+++ Available records +++
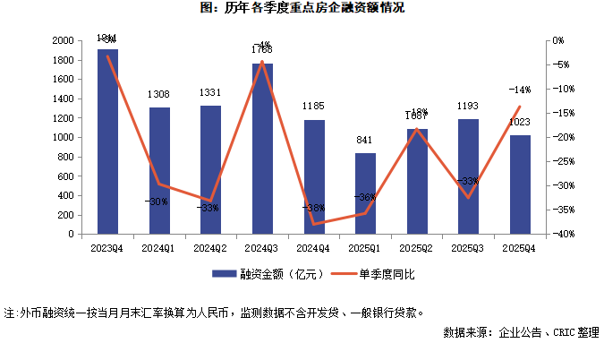 2025年房企融资仍然呈现裁汰态势,全年融资限制达4143亿,同比下落26%。其中第四季度融资1023亿,环比下落14%,同比下落14%,仍然处于历史低位。可见,自2024年房企融资复旧计策天然边缘改善,各地更是推行融资伙同机制“白名单”,但非银融资限制仍未改造下滑趋势,大批民营房企,尤其是脱险房企,融资难的问题依然隆起。
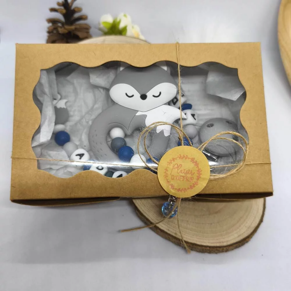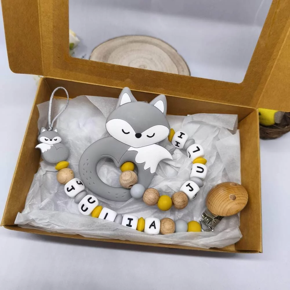 Coffret naissance personnalisé – Thème renard tout silicone
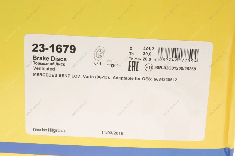 Диск гальмівний (задній) MB Vario 614 (324х30) (+ABS) (вентильований) Metelli 23-1679 (a6684230512, 6684230512)
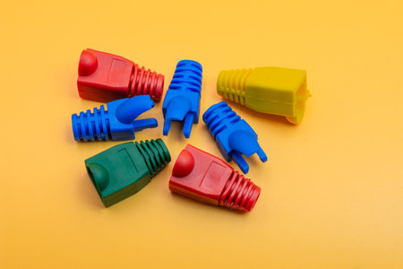 caps on a wire rj45 assorted bright blue, green on a wooden background
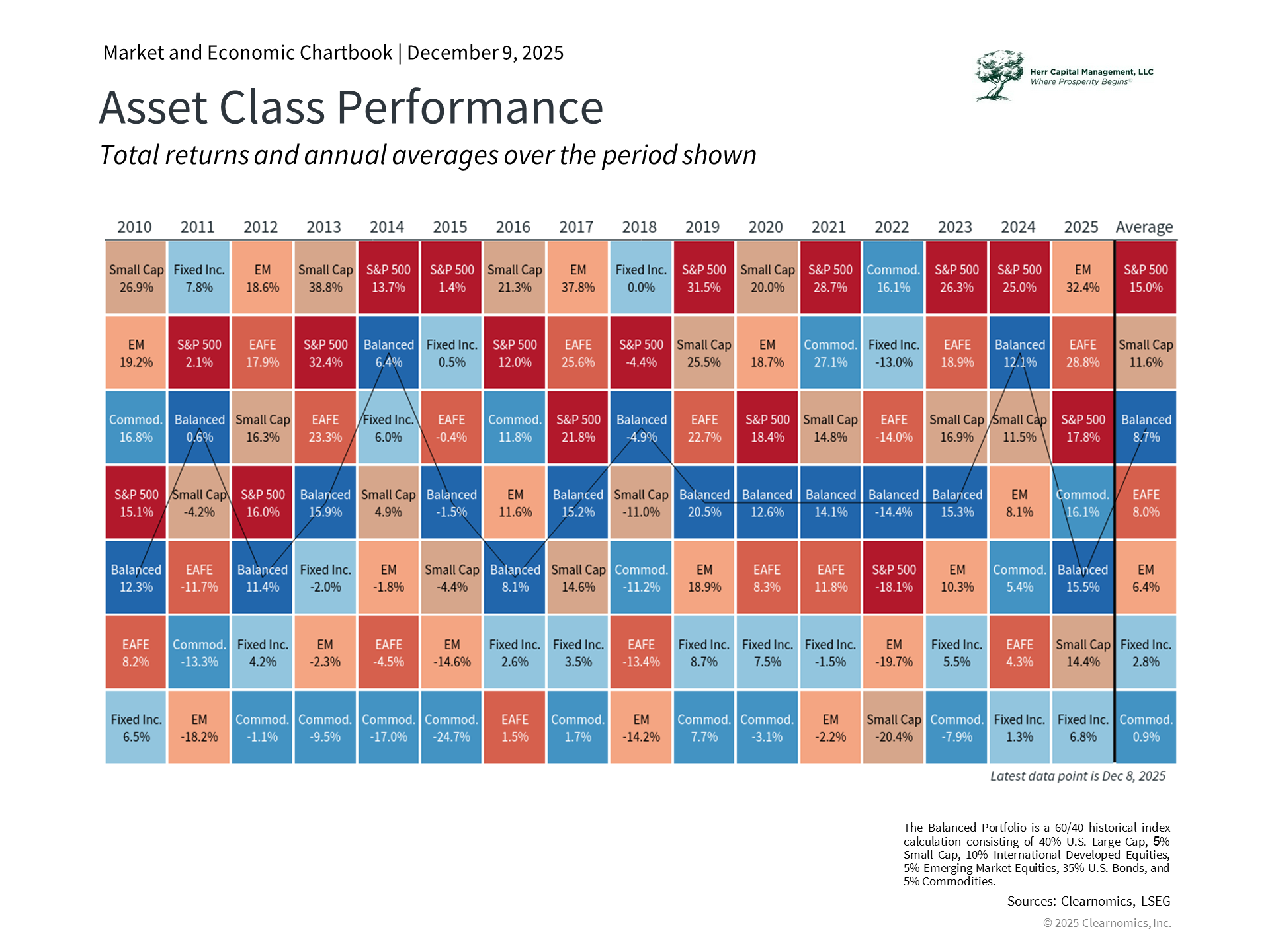 Importantly for investors, many asset classes are contributing to portfolio returns as we near 2026. This is in contrast to much of the past decade when U.S. stocks outperformed the rest of the world. In 2025, international stocks are outpacing U.S. markets, with developed market stocks (MSCI EAFE) and emerging market stocks (MSCI EM) each gaining around 30% in U.S. dollar terms. This has been driven by two key factors: improving growth expectations in many economies and the weakening dollar, which boosts returns for U.S.-based investors.
+++
Requirement
This task calls for the lines from the line holding "Coffret naissance personnalisé" through the last line above, restated word for word with both ends included and the pictures dropped.

Response to this exercise
 Coffret naissance personnalisé – Thème renard tout silicone
 Диск гальмівний (задній) MB Vario 614 (324х30) (+ABS) (вентильований) Metelli 23-1679 (a6684230512, 6684230512)
 caps on a wire rj45 assorted bright blue, green on a wooden background
 Importantly for investors, many asset classes are contributing to portfolio returns as we near 2026. This is in contrast to much of the past decade when U.S. stocks outperformed the rest of the world. In 2025, international stocks are outpacing U.S. markets, with developed market stocks (MSCI EAFE) and emerging market stocks (MSCI EM) each gaining around 30% in U.S. dollar terms. This has been driven by two key factors: improving growth expectations in many economies and the weakening dollar, which boosts returns for U.S.-based investors.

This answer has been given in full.